■ Listed records
=== Section Start ===

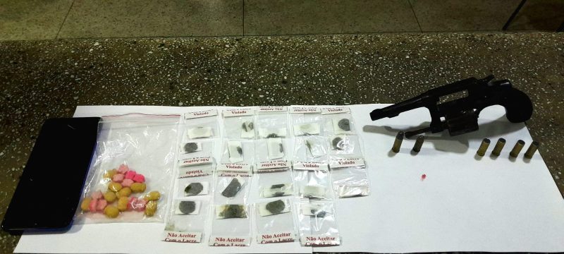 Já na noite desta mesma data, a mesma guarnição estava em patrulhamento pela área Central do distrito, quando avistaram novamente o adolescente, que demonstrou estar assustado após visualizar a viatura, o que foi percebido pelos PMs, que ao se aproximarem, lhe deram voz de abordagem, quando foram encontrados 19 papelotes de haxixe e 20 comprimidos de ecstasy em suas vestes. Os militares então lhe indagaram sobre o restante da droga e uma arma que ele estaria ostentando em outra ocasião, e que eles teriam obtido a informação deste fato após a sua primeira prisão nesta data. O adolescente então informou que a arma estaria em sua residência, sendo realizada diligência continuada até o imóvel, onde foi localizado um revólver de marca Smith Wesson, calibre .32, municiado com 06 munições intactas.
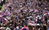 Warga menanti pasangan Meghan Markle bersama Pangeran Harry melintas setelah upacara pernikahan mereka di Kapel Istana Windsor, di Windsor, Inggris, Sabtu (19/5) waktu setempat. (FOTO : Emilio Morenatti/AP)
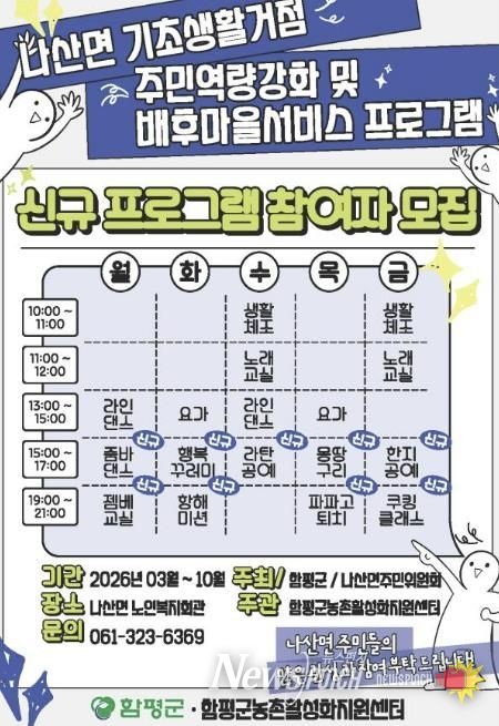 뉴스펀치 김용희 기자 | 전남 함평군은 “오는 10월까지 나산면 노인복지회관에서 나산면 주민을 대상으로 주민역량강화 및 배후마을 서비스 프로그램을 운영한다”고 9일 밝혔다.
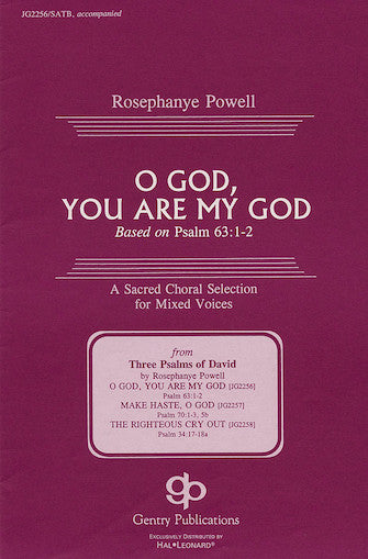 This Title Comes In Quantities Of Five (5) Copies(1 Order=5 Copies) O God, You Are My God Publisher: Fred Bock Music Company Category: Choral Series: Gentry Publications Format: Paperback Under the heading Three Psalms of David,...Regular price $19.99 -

=== Section End ===
=== Section Start ===

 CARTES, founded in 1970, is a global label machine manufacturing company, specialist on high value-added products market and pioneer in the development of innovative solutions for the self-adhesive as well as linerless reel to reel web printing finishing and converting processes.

=== Section End ===
=== Section Start ===

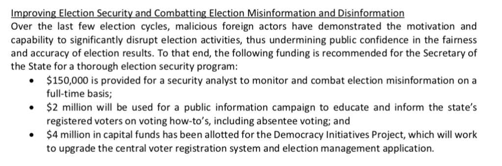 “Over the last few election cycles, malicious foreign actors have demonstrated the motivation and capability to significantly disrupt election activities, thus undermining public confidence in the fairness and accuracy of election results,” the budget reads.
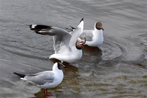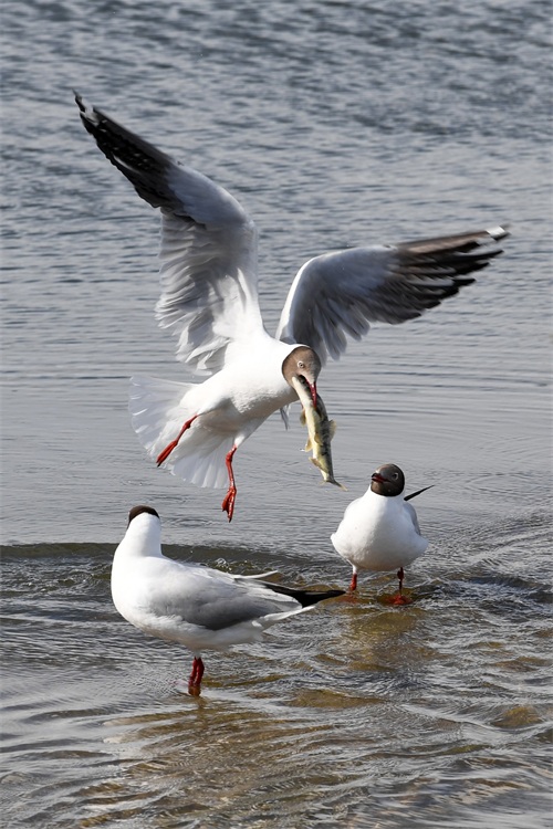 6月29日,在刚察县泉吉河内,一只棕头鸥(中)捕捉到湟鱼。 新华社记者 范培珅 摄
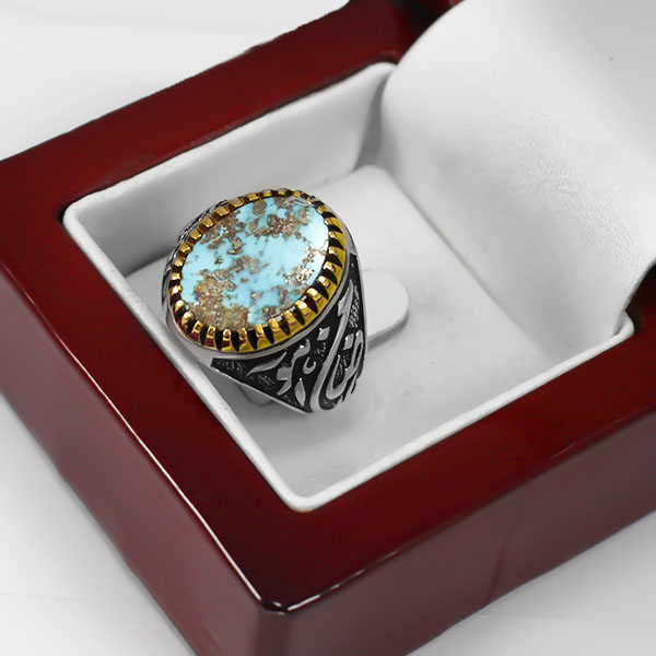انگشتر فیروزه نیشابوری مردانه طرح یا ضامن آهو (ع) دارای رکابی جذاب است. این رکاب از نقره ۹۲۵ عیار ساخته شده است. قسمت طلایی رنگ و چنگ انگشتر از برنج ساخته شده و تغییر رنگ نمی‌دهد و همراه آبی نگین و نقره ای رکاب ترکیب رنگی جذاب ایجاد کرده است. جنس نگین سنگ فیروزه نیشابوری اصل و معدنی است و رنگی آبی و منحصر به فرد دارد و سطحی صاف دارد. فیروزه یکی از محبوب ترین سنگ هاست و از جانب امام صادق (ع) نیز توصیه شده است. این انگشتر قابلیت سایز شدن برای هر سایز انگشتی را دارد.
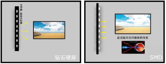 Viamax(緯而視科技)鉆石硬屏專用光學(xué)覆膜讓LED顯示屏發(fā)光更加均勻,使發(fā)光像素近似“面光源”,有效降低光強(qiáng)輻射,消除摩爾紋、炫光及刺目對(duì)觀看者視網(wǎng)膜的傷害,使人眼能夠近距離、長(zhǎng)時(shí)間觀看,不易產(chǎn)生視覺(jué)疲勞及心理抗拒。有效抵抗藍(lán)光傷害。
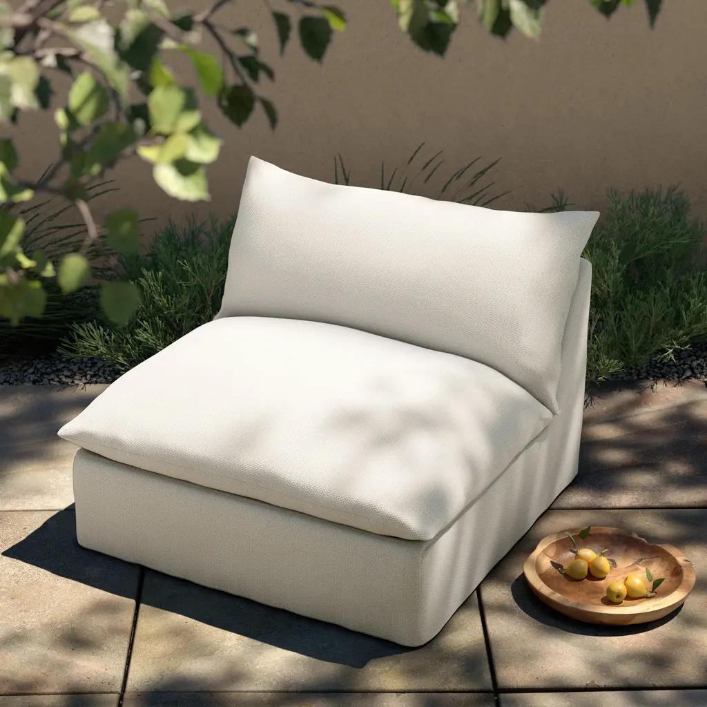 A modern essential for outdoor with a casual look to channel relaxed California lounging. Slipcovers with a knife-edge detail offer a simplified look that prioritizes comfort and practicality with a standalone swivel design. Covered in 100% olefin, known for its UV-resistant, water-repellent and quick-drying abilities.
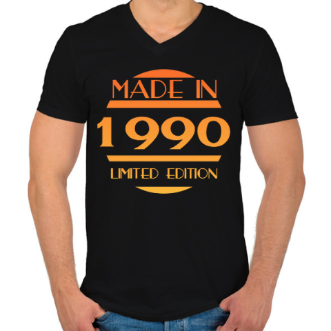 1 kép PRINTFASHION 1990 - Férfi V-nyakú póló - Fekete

=== Section End ===

■ What you should do
Return the stretch of data that begins with the line showing "Warga menanti pasangan" and goes on through the line showing "뉴스펀치 김용희 기자", exactly, with pictures removed.

■ Result for this task
 Warga menanti pasangan Meghan Markle bersama Pangeran Harry melintas setelah upacara pernikahan mereka di Kapel Istana Windsor, di Windsor, Inggris, Sabtu (19/5) waktu setempat. (FOTO : Emilio Morenatti/AP)
 뉴스펀치 김용희 기자 | 전남 함평군은 “오는 10월까지 나산면 노인복지회관에서 나산면 주민을 대상으로 주민역량강화 및 배후마을 서비스 프로그램을 운영한다”고 9일 밝혔다.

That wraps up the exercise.